The way to get the cookie in the request header: Open FireFox browser, open FireBug and activate the network tab of FireBug, log in to Qzone on FireFox browser, then find the login page request in FireBug, and then you can find the cookie information in the request header.
Organize the cookie information into a single line and add it to the request header for direct access. This method is relatively simple and reduces the number of steps to modify the cookie file.

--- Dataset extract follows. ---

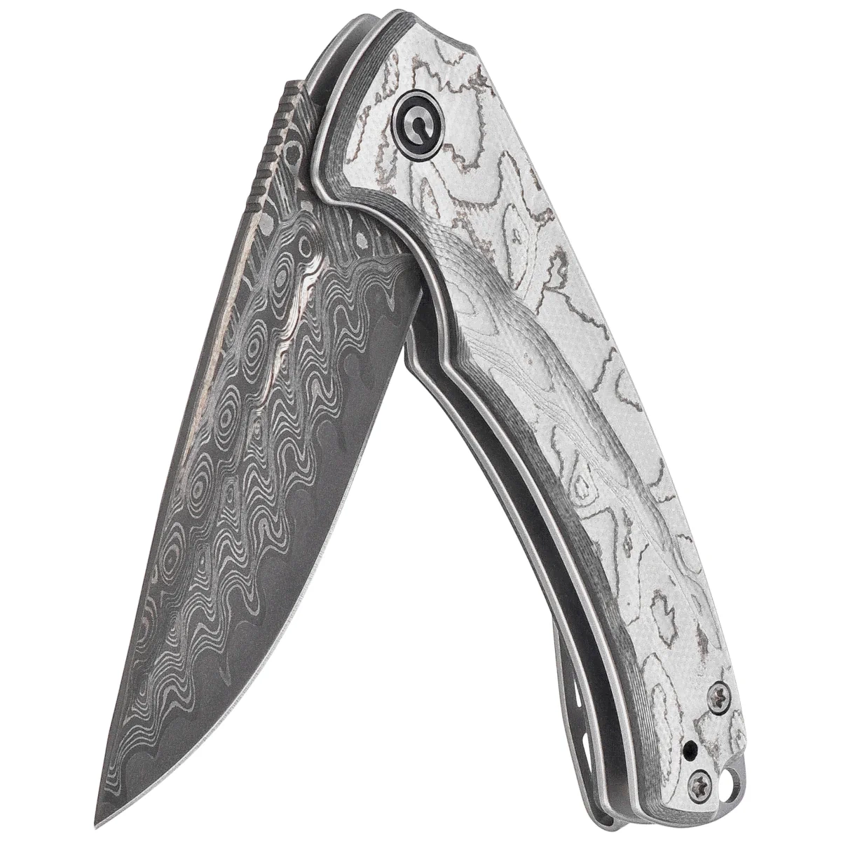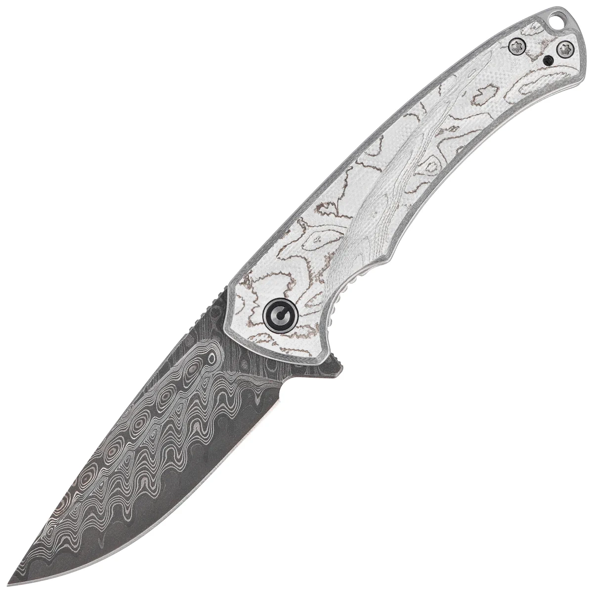 - Voidflare G10 w/ Aluminum Foil, Damascus - a sleek EDC folding knife with a sharp and durable damascus blade, set on a lightweight and textured G10 composite handle. Silver details and dynamic lines enhance the modern style.

In addition, in aBlog PostsI also found a solution for logging into Qzone directly. This is the best known method, as long as Tencent does not change the login rules, it is very simple to execute the request to get a cookie. but it is a long time ago, I don't know if the rules are still applicable.
Above is the python crawler how to correctly use cookies in detail, more information about python crawler using cookies please pay attention to my other related articles!